Li osservai a bocca aperta mentre si prodigavano in un caloroso abbraccio, mettendo in risalto tanto le loro differenze quanto le somiglianze: avevano le stesse mani, la stessa pelle, lo stesso colore di capelli; Devony, però, era più basso di quasi tutta la testa rispetto al fratello, ed era decisamente più mingherlino e ossuto. Nonostante la statura e l'aspetto mantenuto, il giornalista doveva essere più anziano di Blake di diversi anni.
A dirla tutta, però, io non sapevo neanche quanti anni avesse quest'ultimo.

-Ringrazia il sangue che scorre nelle nostre vene, fratellino. Se non fosse per la madre che condividiamo, non mi farei problemi a mostrarti davanti a tutti quanto poco femmina io sia.-
Persino le loro voci erano simili e velate della medesima cadenza ironica!
-Piuttosto, ti sei visto? Sei addirittura più brutto del solito. Meno male che mi muovo in incognito, almeno non vengo associato alla tua faccia di culo!-

Si diedero un'ultima pacca sulle spalle e sciolsero quella stretta fraterna. Io mi sforzai di richiudere la bocca e osservai inebetita il nuovo arrivato.

-Derek Scott! Ogni volta che ti rivedo hai qualche ruga in più. L'ho sempre detto che la ricchezza porta preoccupazioni e le preoccupazioni portano a una vecchiaia precoce!-

Ok, forse mi ero sbagliata. Dopotutto, quel giorno ci sarebbe stata una scazzottata.

Mi preparai psicologicamente al destro di Derek sul fratello della precedente vittima e... E invece fui delusa. Il padrone di casa fece un cenno di saluto al giornalista e indicò me col capo.

-Tu devi essere Tessa Farrell- constatò Devony, avvicinandosi a me con fare indagatore. Mi passò una mano sul viso, come per accertarsi della mia reale presenza lì. Fratello diverso, vizio identico: toccare la gente senza permesso.

-Non sei cambiata affatto. Solo un po' più alta e imbronciata- disse con uno strano sorriso.

Ignorai il repentino cambio d'espressione di Derek e Blake, ma non mi lasciai sfuggire la sua affermazione.

-Ci siamo già visti?- domandai.

Mi fissò con insistenza per qualche secondo prima di rispondere: -Sì. Agli esordi della mia carriera, ho lavorato ad Edge, la mia città natale. Eri a malapena una bambina, ma mi ricordo perfettamente di te. E dei tuoi genitori.- 

Mi tese la mano e smise di sorridere. -Lieto di rifare la tua conoscenza.-

La strinsi, cercando nella mia memoria la sua immagine. Niente.

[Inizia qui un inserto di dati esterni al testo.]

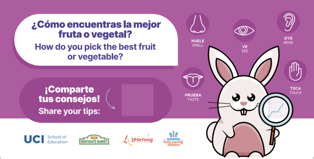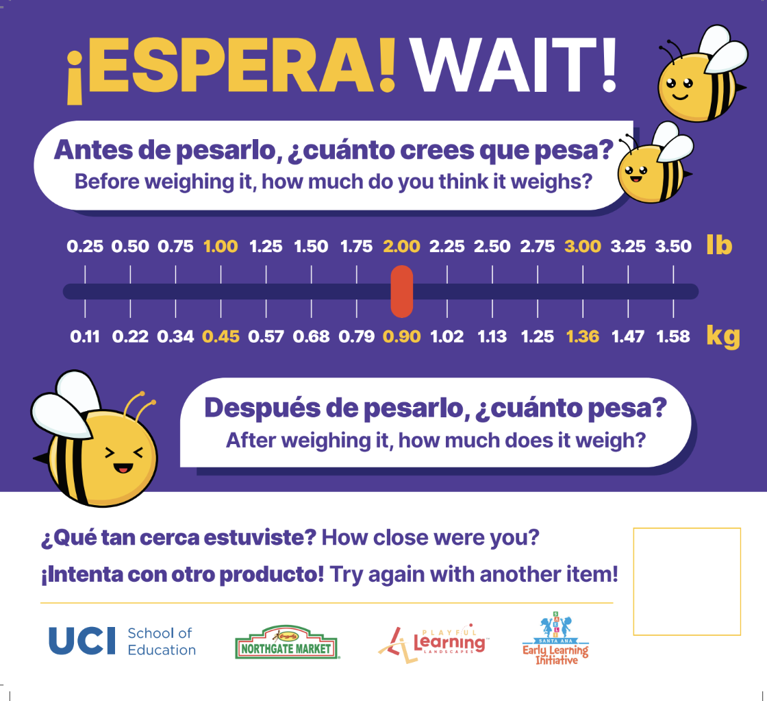 As part of the Playful Learning initiative in Santa Ana, Supermarket Speak at Northgate Market transforms everyday grocery shopping into an opportunity for STEM exploration. Playful prompts placed throughout the store encourage children and caregivers to engage with math and science concepts while navigating aisles, selecting produce, and comparing items.
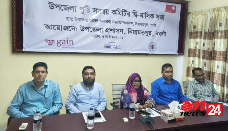 নওগাঁর নিয়ামতপুর উপজেলায় পুষ্টি সমন্বয় কমিটির দ্বি মাসিক সভা অনুষ্ঠিত হয়েছে।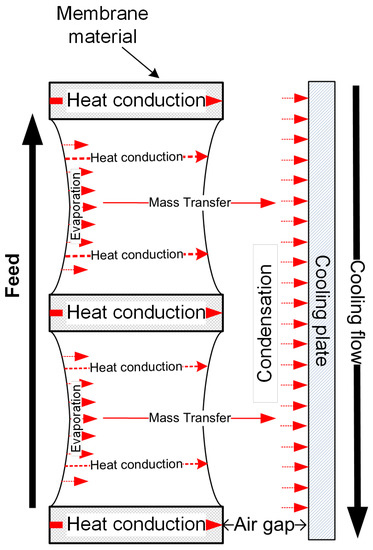 The schematic of heat and mass transfer is shown in Figure 4. Similar to DCMD, in the membrane pores, it is also an air-vapour mixture, and there is no total pressure difference across the pore. Therefore, the mass transfer through the membrane pore in AGMD is also a Knudsen-molecular diffusion transition mechanism. However, the vapour also has to pass through the air gap prior to the condensation on the membrane surface. The mass transfer in the air gap of AGMD can be calculated by [72]: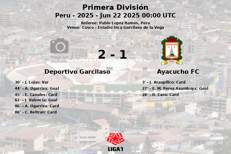 Ayacucho FC took the lead in the 27th minute thanks to a goal by E. M. Perez Azambuya, assisted by J. Lucumi. However, the joy was short-lived, as Deportivo Garcilaso reacted and A. Ugarriza equalized the score from the penalty spot in the 44th minute.
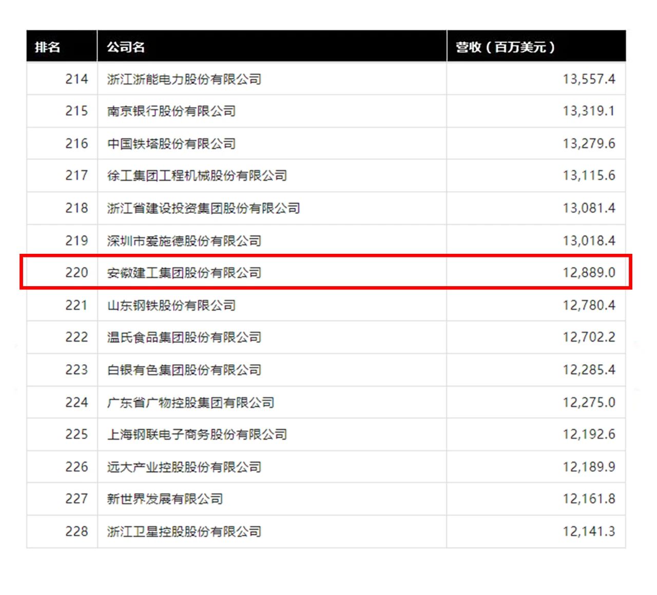 財(cái)富Plus APP于北京時(shí)間7月25日發(fā)布了2024年《財(cái)富》中國(guó)500強(qiáng)排行榜。安徽建工集團(tuán)股份有限公司以12,889.0百萬(wàn)美元的營(yíng)收名列第220位。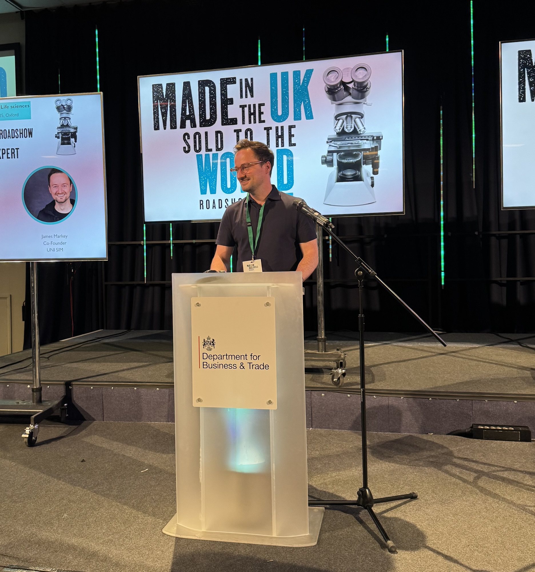James Markey, founder of UNI SIM, was interviewed as part of a panel by the Department for Business and Trade as part of their “Made in the UK, sold to the world” roadshow.

-Devony, accomodati pure in una stanza degli ospiti. Confido che passerai qui la notte, dico bene?- l'ordine di Derek, malcelato come invito, aveva un ché di minaccioso.

L'ospite accettò di buon grado e seguì un cameriere su per le scale.

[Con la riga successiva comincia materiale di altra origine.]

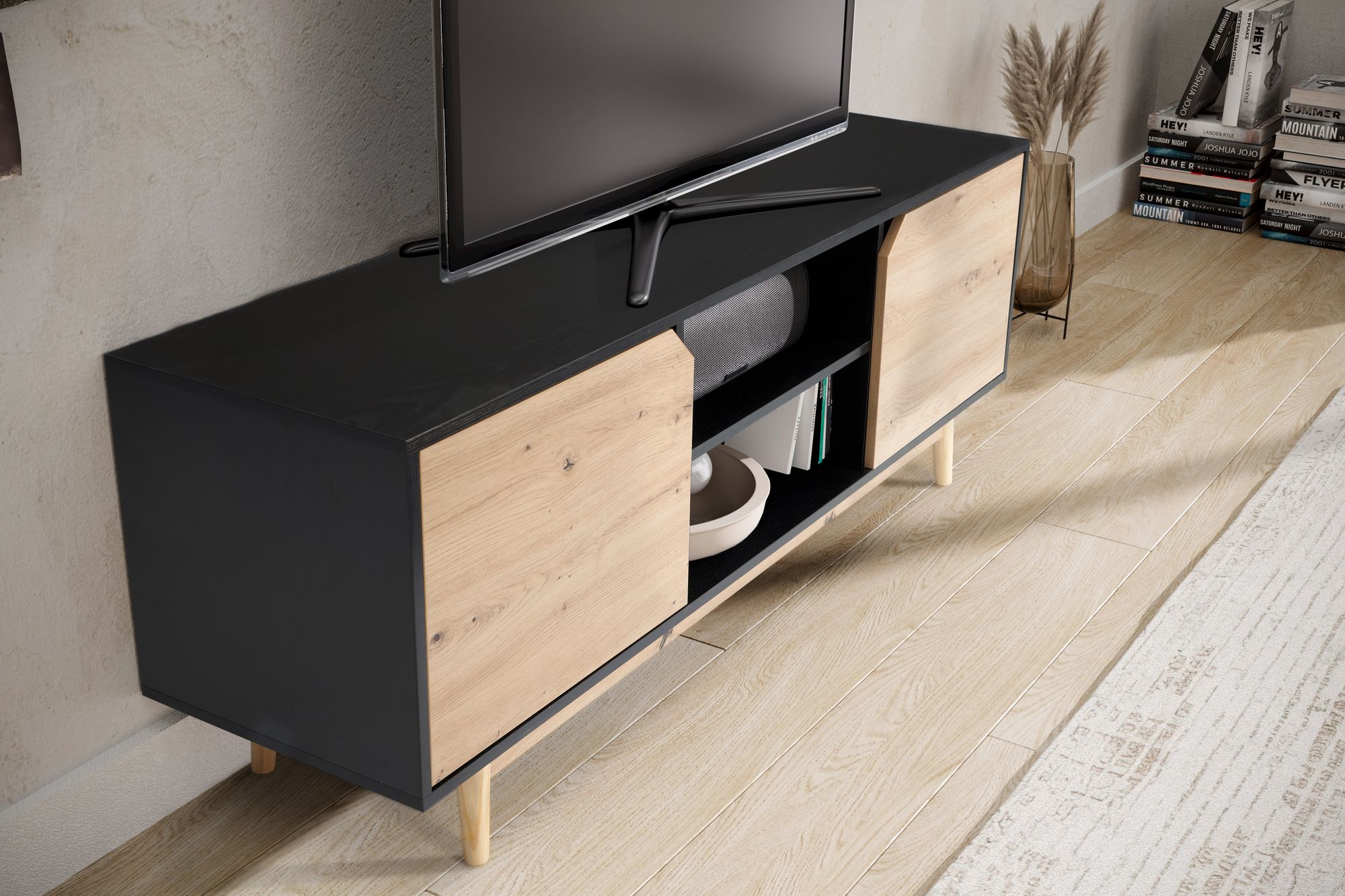 Este moderno lowboard negro con decoración en roble de 150x55x40 cm encaja elegantemente en su sala. Proporciona una superficie espaciosa para televisores de hasta 70 pulgadas y almacenamiento optimizado.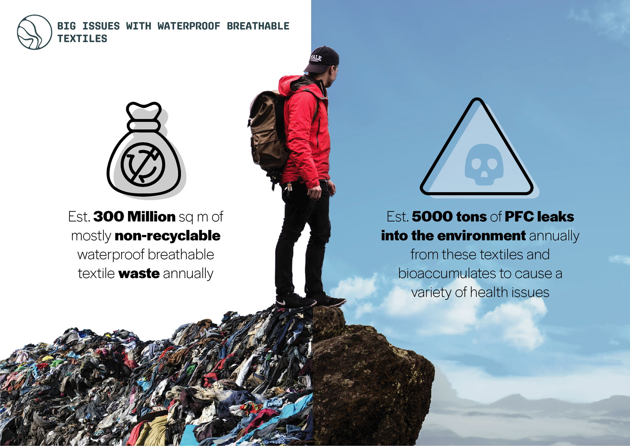 自然が好きな人には必須のアウトドアウェアですが、これらに使用される防水透湿テキスタイル(WBT)は、深刻な環境汚染を引き起こしています。異なる素材を接着して作られるWBTはリサイクルが不可能であり、毎年約3億m2の使用済みウェアが廃棄されています。また、生地を撥水にするためにPFCと呼ばれる有害な化学物質が使用されており、PFCは生物の体内に蓄積され多くの健康被害の原因となります。更に、ゴアテックスの様なWBTにはPTFE膜が使用され、これらは焼却処分時に有毒ガスを発します。

-Hai un fratello!- dissi in tono d'accusa a Blake.

La guardia fece spallucce e ammiccò. -Ha importanza? Il fratello più sexy lo hai visto quasi tutti i giorni negli ultimi tempi.-

Lasciai al silenzio l'arduo compito di ammazzare la sua ironia da due soldi e guardai Derek sparire al primo piano.
Registrai in ritardo le informazioni fornitemi da Devony. Lui e Blake provenivano da Edge, la mia città natia.

La città che mi aveva voltato le spalle.

***

-Cosa diavolo ci fate nella mia stanza?!-

Era sera, quasi notte. 

Dopo cena mi ero fermata a chiacchierare con Mara nella sua camera ed ero andata via solo quando si era addormentata beatamente abbracciata al cuscino.

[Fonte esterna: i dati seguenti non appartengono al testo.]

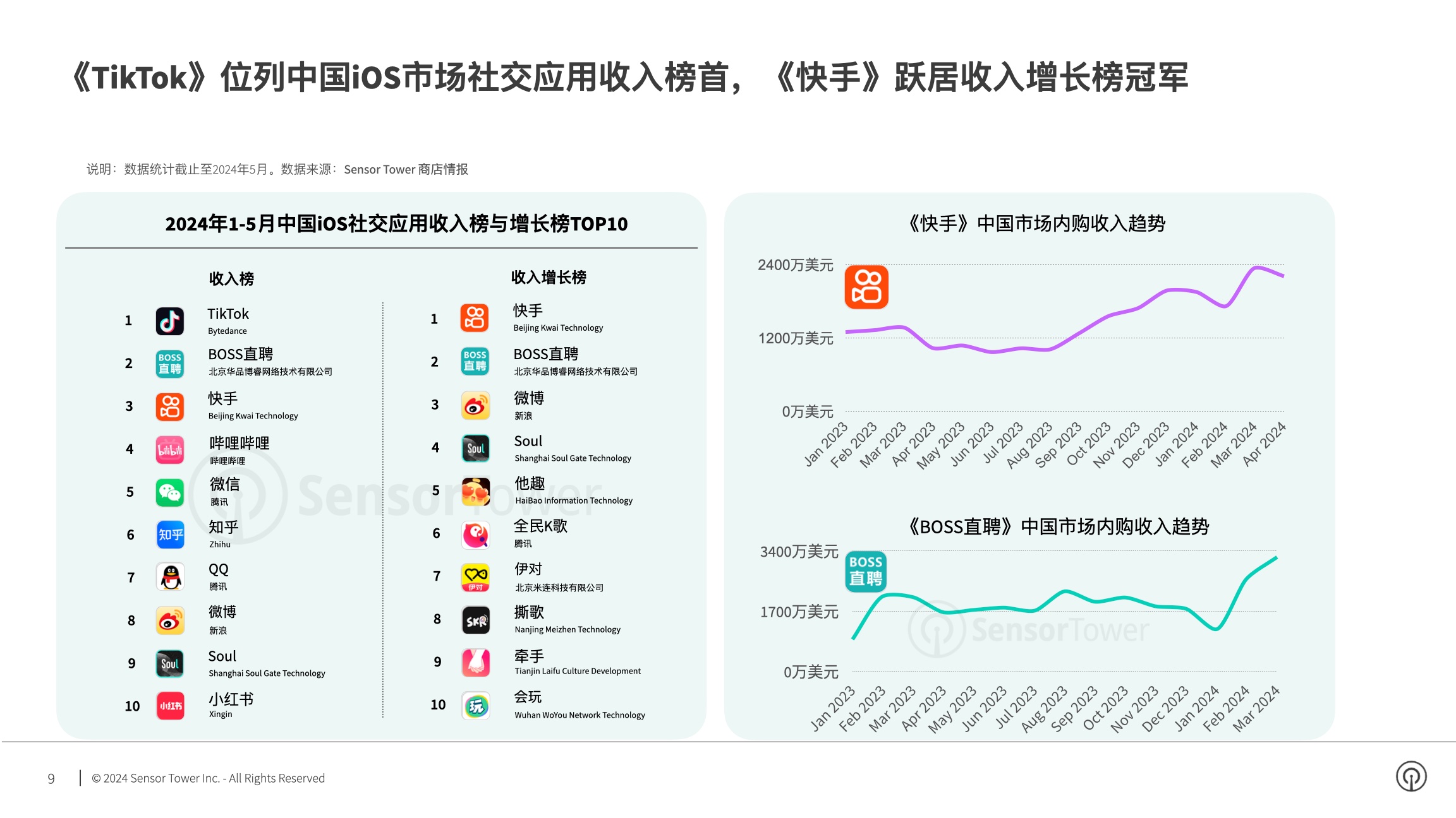 跟着企业用户的增加,2024年1-5月职场交际使用《BOSS直聘》内购收入同比上涨44%,跻身收入榜第2名,2024年第一季度财报显现BOSS直聘季度营收同比上涨33%。

Decisa a farmi una bella dormita in vista dell'intervista del giorno seguente, mi ero incamminata verso la mia stanza e, una volta entrata, avevo visto quei quattro deficienti seduti sul mio letto.

-Siamo in riunione- Cole mi liquidò con noncuranza, la sua attenzione rivolta altrove.

-Siete sulle mie lenzuola- gli feci notare, mantenendo a stento la calma.

-Abbiamo appena portato a termine la nostra piccola opera di spionaggio. Adesso ne traiamo le conclusioni- spiegò Devony, senza neanche degnarmi di uno sguardo.

-Nella mia stanza- constatai.

-Dalla tua stanza- precisò Blake.

-Voi siete matti! Di che accidenti parlate?!-

Derek, scuro in volto, lanciò un'occhiata eloquente ai suoi uomini -specialmente a Cole- e uscì a grandi passi dalla porta.

-Qualcuno mi vuole dire che succede?- sbuffai, esasperata. Cole si issò in piedi, torreggiandomi dall'alto dei suoi due metri di altezza, e mi superò oltre la soglia con la stessa simpatia del suo padrone.

Gli uomini che circolavano in quella villa erano adorabili.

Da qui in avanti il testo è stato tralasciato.